Hi all,
Out of curiosity, if I did put it in the tank with the softer wood on there, what would happen?
Really depends on how much oxygen is the tank water.
The reason for this is that the wood is soft because the "structural carbohydrates" that give wood it's strength (cellulose, hemi-cellulose and lignin) are being degraded, and the smaller carbohydrates they contain then become available. In the same way as the starch in a potato is comprised of lots of glucose (a mono-saccharide sugar) locked together, so are cellulose and lignins - "long strings of glucose very tightly chemically locked together".
Mainly only "white-rotting" fungi can degrade lignins, but all organisms can use glucose they unlock, so the soft wood will lead to a build up of bacteria and other types of fungi feeding on the wood. Wood is very deficient in nitrogen, but the ammonia from the fish will supply this leading to a microbial "bloom and bust" cycle.

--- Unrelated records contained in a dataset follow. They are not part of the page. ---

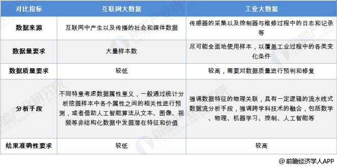工业数据具备更强的专业性及关联性,价值实现要求与难度均高于互联网大数据。工业大数据与互联网大数据之间存在明显区别。互联网大数据主要来自互联网中产生及传播的社会媒体数据,相对分散,且来自不同媒体与设备,而工业大数据来自不同环节不同设备的不同阶段,专业性及关联性都比较强。
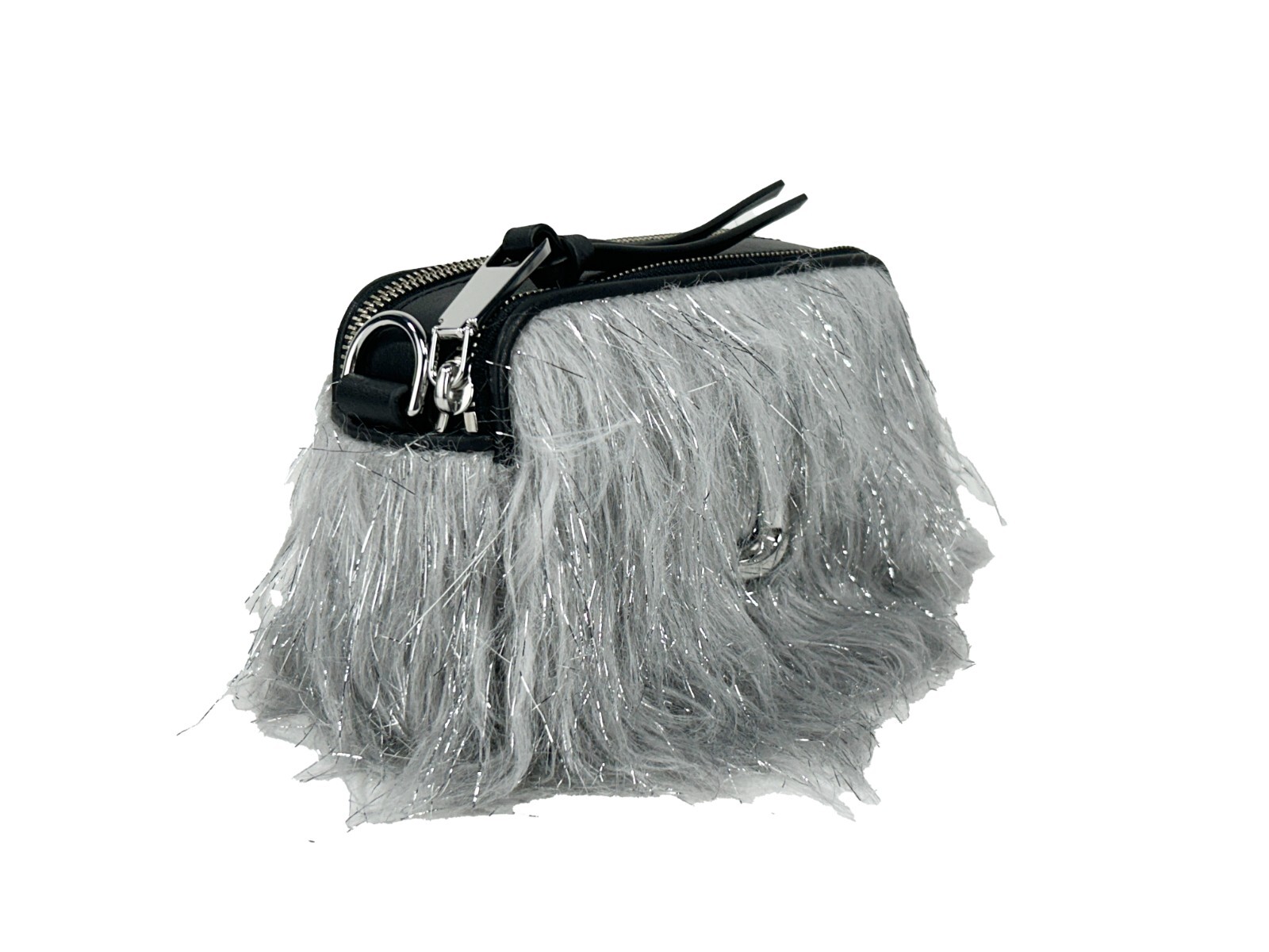 With an adjustable and detachable web crossbody strap in sophisticated black, this bag transitions effortlessly from casual outings to elegant soirées. It includes inner zip and slip pockets, providing ample storage for your essentials while keeping them organized. The zip closure ensures your belongings remain secure, while the striking silver exterior adds a touch of high-fashion allure.
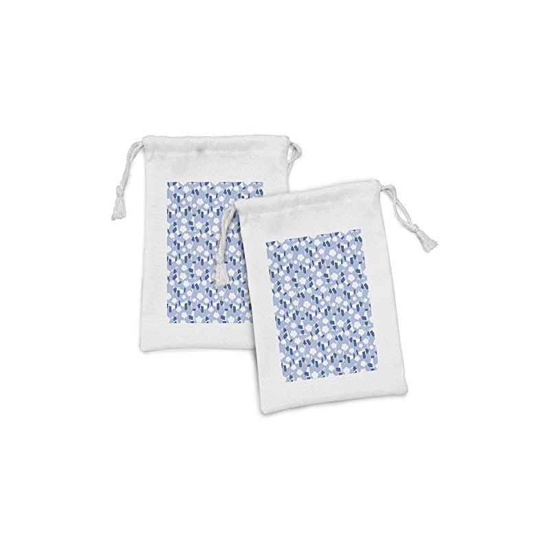 Ambesonne Cartoon Airplane Fabric Pouch Set of 2, Dreams of Flying Concept Retro Planes Clouds, Small Drawstring Bag for Toiletries Masks and Favors, 9" x 6", Pale Blue Navy Blue
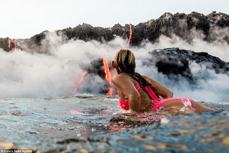 Αυτή τη φορά η συγκίνηση την περίμενε δίπλα σε ένα ενεργό ηφαίστειο στη Χαβάη, όπου αποφάσισε να κάνει σερφ ενώ η λάβα πετάγεται γύρω της.
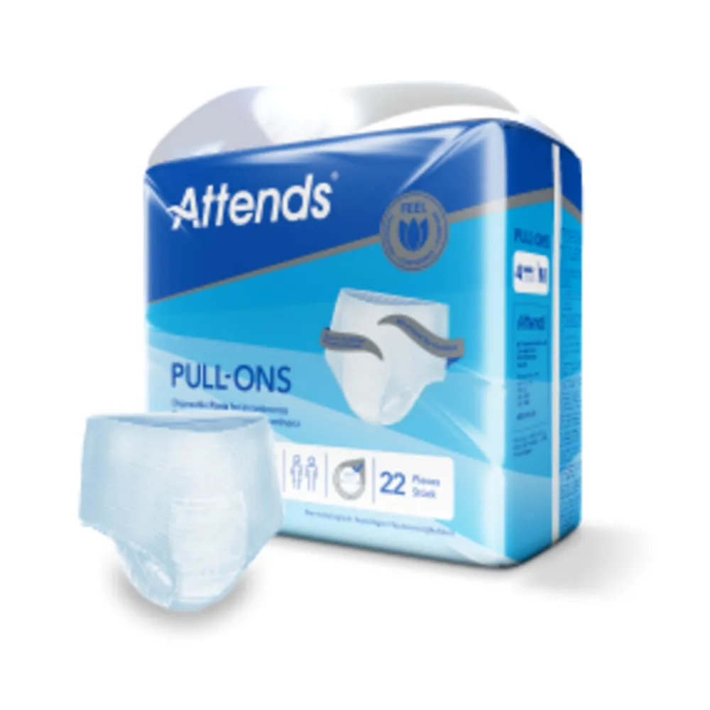 Medisch hulpmiddel Attends Pull-Ons 4M is een zacht en discreet broekje, dat u kunt dragen als normaal ondergoed. De wegwerpbroekjes kunnen gemakkelijk aan- en uitgetrokken worden en zijn ontworpen om lichte tot matige incontinentie te beheersen. Attends Pull-Ons zorgen voor een superieure pasvorm en extra comfort. De sterk absorberende kern beschermt tegen doorlekken en geurtjes. Voor een actief leven met een veilig gevoel. Attends Pull-Ons is ontworpen voor actieve mensen, die discrete en comfortabele bescherming wensen, die aanvoelt als normaal ondergoed.
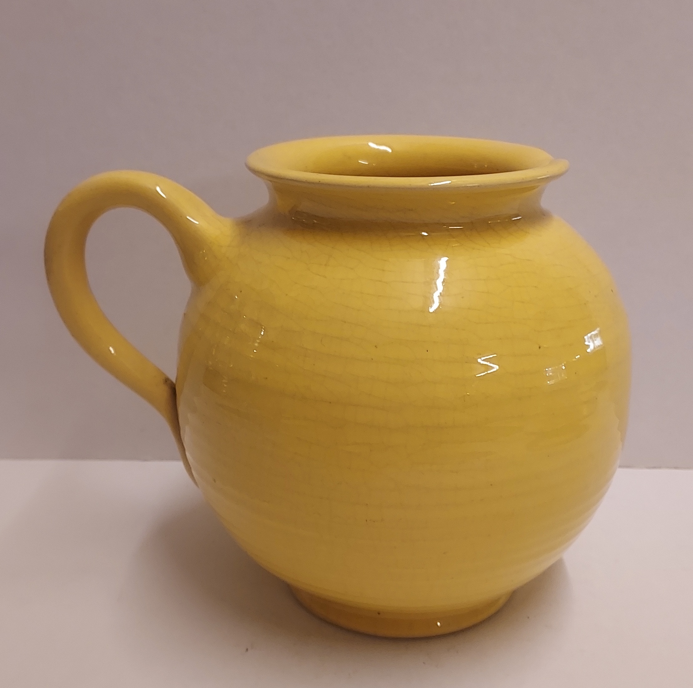 Gelb glasierter Krug. Unterseite mit Modellnummer 10, weiter nicht signiert.
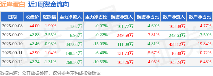 资金流向数据方面,本周近岸蛋白主力资金合计净流出772.65万元,游资资金合计净流入271.73万元,散户资金合计净流入500.92万元。本周资金流向一览见下表:
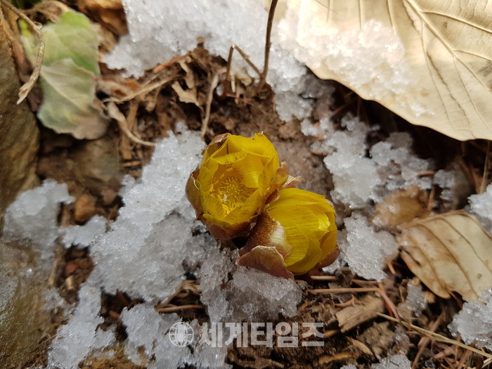[증평군=세계타임즈 이현진 기자] 19일 눈이 녹아서 비가 된다는 ‘우수’를 맞아 증평읍 율리 좌구산휴양림에 봄의 전령 복수초가 노란 꽃망울을 활짝 피워 등산객과 휴양랜드 숙박객의 눈길을 끌고 있다.
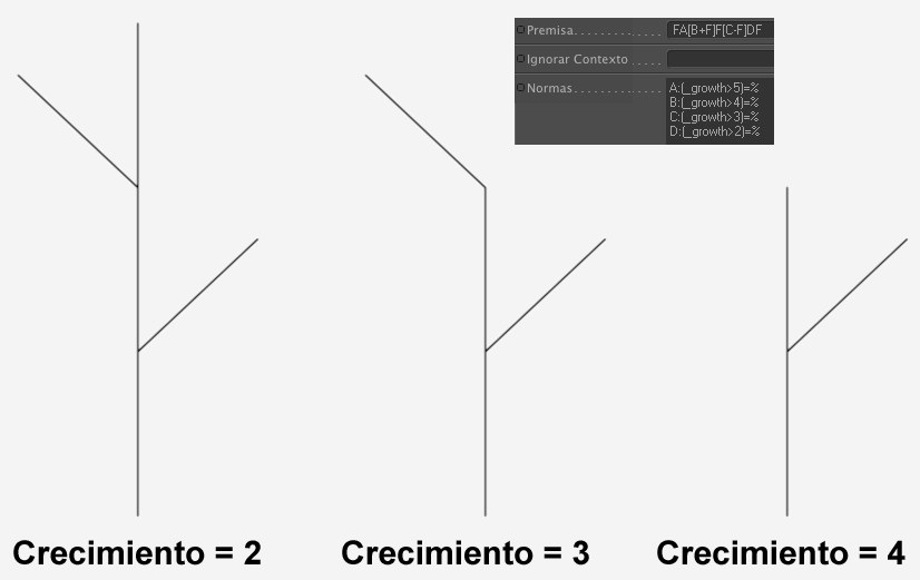 Si echas un vistazo a esta Norma, verás que los marcadores de posición A, B, C y D se han añadido a la premisa. Para varios valores de Crecimiento, las Normas ahora definen el reemplazo de cada marcador de posición con un valor en %, lo que significa que los siguientes símbolos se cortarán en ese punto en (y por) cada rama.
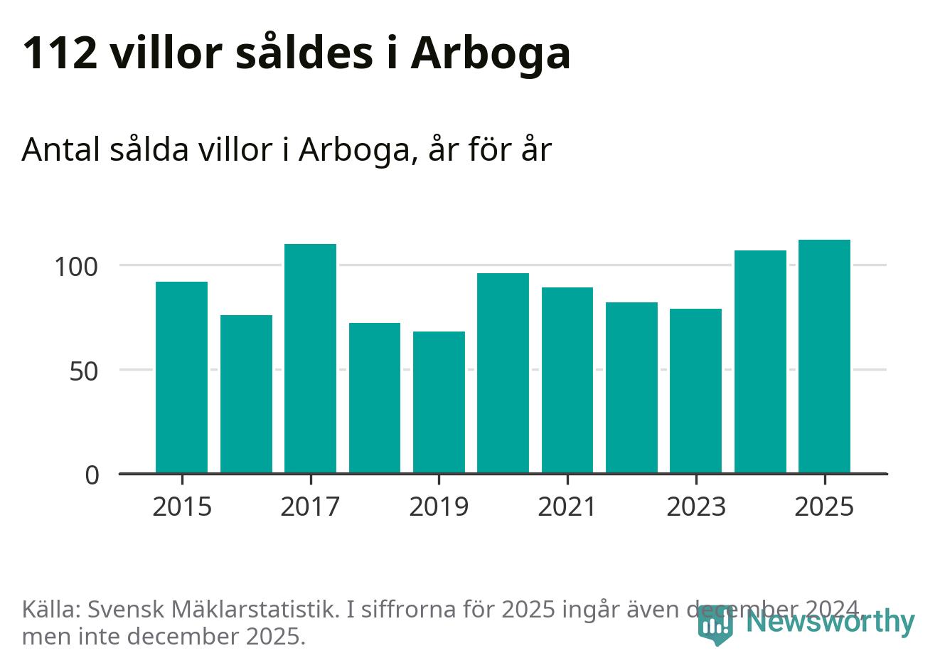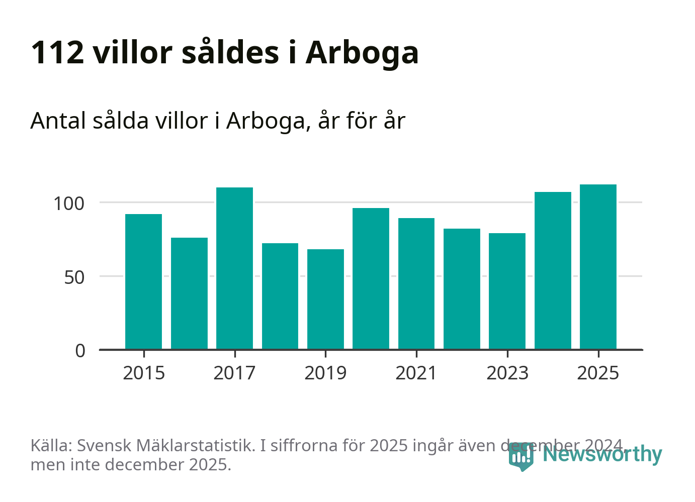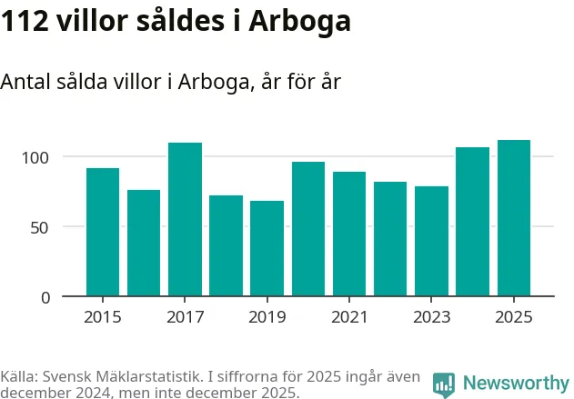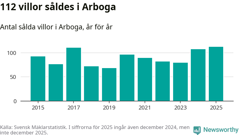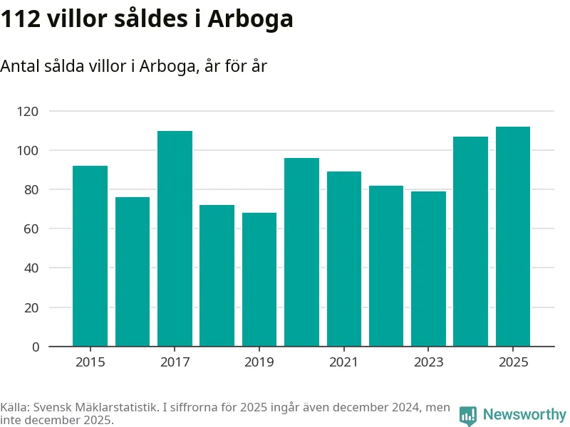 Antalet sålda villor ökade också. Totalt såldes 112 villor, att jämföra med 107 under 2024. Det är fler än något annat år sedan 2015.

Decomposition has a high oxygen demand (measured as the BOD - Biochemical Oxygen Demand), and this may exceed the oxygen being exchanged leading to de-oxygenated water and fish death, the decomposition processes will also produce CO2 which may inhibit oxygen take up by the blood due to the Bohr effect.
So don't put soft wood in your tank. The only circumstances where it would be a good idea is if you keep Panaques and feed it to them in limited amounts. This was found by some research by Dr Donovan German, who found that despite their obvious adaptations to wood feeding Panaques don't have the gut flora to actually digest intact wood (like Termites do), but rely on eating semi-degraded wood (search through the back threads for more details).
An analogous situation would be Leaf cutter ants, where they chew the cut leaves up, but feed the chewed material to their fungal colony, and eat the fungus after it has degraded the cellulose to sugars.